Friday, August 19, 2011

pondering the future with Erwan McManus

This was the final session of the Global Leadership Summit.  By this point I was exhausted and ready to go home.  I prayed he wouldn't be boring.

He wasn't.

He started out by reading from Ecclesiastes 1, then declaring, "Solomon was wrong."  I chuckled when he talked about having discussions with his wife about how he was sure the Bible was wrong.  She'd shake her head and say, "Fine, whatever, just please don't ever talk to people about this!!"  I could sort of relate to that. ;)

Of course his point wasn't that the Bible is "wrong" but that we read it wrong.  Statements like "there is nothing new under the sun" are not factual, literal truths from God so much as the expression of a man who tried to find fulfillment by using things and people to satisfy himself.

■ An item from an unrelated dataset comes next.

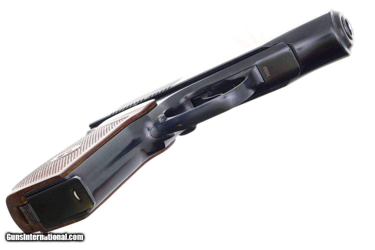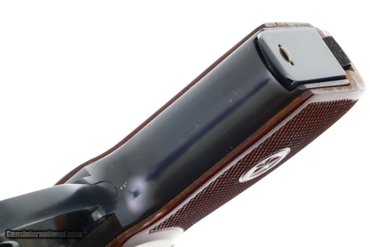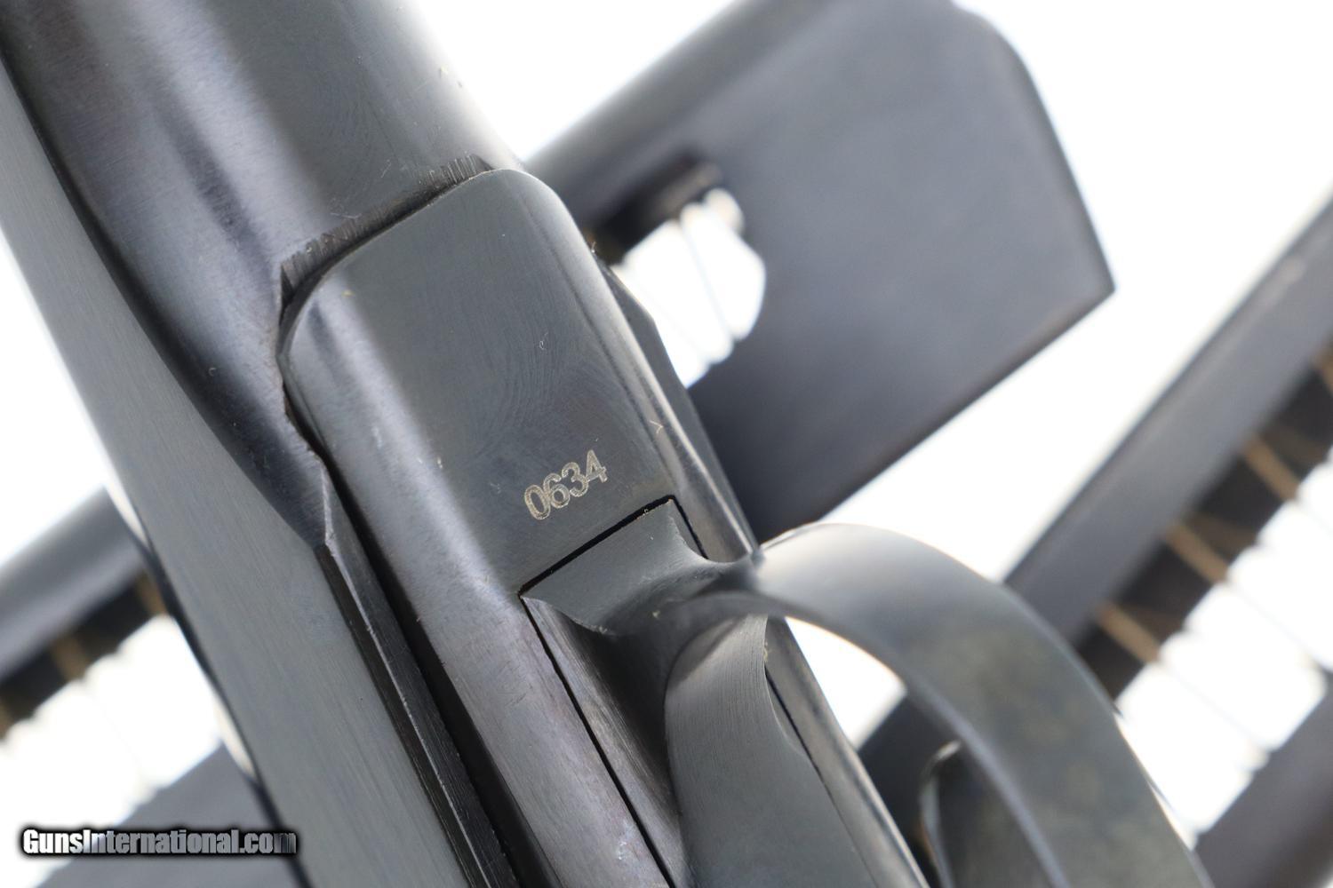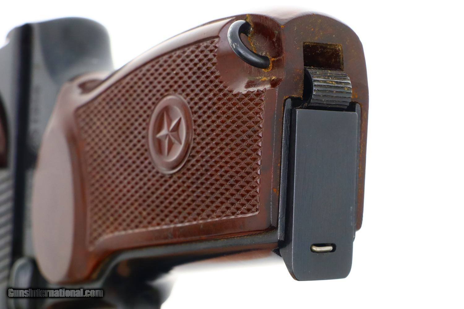 Description: Synopsis: Russian, Izhevsk, Military Makarov, 1966 Dated, 0634, FB00422 Description: Beautiful standard configuration Makarov, dated 1966, with fixed front sight and drift adjustable rear sight. Izhevsk Arsenal marking on left side of frame along with manufacturing date of "1966”. Import marked on right side of frame. Standard configuration safety and two early factory matching Russian magazines. Single piece reddish maroon plastic grip with two checkered panels impressed with encircled 5 pointed star. Condition: 99% bright original salt blue with handling marks as imaged. Bright bore with shallow rifling. Perfect manual mechanics with both magazines. A gorgeous example, whose appeal could be easily improved by the inclusion of a correct holster. ~~Insured shipping fee of $55; most packages shipped using FedEx 2nd Day.~~ SOLD Manufacturer: Izhevsk Serial Number: 0634 Caliber Info: 9mm |

Erwan challenged the way many (most?) apply that "nothing new" statement as God's truth.  Really?  What about Isaiah 43:18-19 where God tells us He is doing a new thing?  What about Jesus telling us we can't put new wine in old wineskins?

We are part of a creative order, not a created order.

Why do we keep waiting for someone else to create the better future?

The church needs to become cultivator of human talent, nurturing people's creative capacity.

There has never been an ordinary human born, but sadly most of us die copies.

The church should must be a nurturer of the human spirit - the epicentre of creativity, freeing and liberating dreams inside people's souls.

There is NO conflict between human talent and the glory of God.

We need to be narrators of the human story. (this is where he really started speaking directly to me)  We've accepted a false narrative.  We need to take back the truth telling power of the narrative of Christ.

Truth is LOST in a bad story.

***We need a revival of great story-telling. Whoever tells the best stories frames the culture.*** (hello!?)

It's not that hard to bring people to Jesus when you tell them a story they can find themselves in.

There's a future to be created, if we return to being the narrators and the poets. (in the margin of my notes here I wrote, "I can't breathe!")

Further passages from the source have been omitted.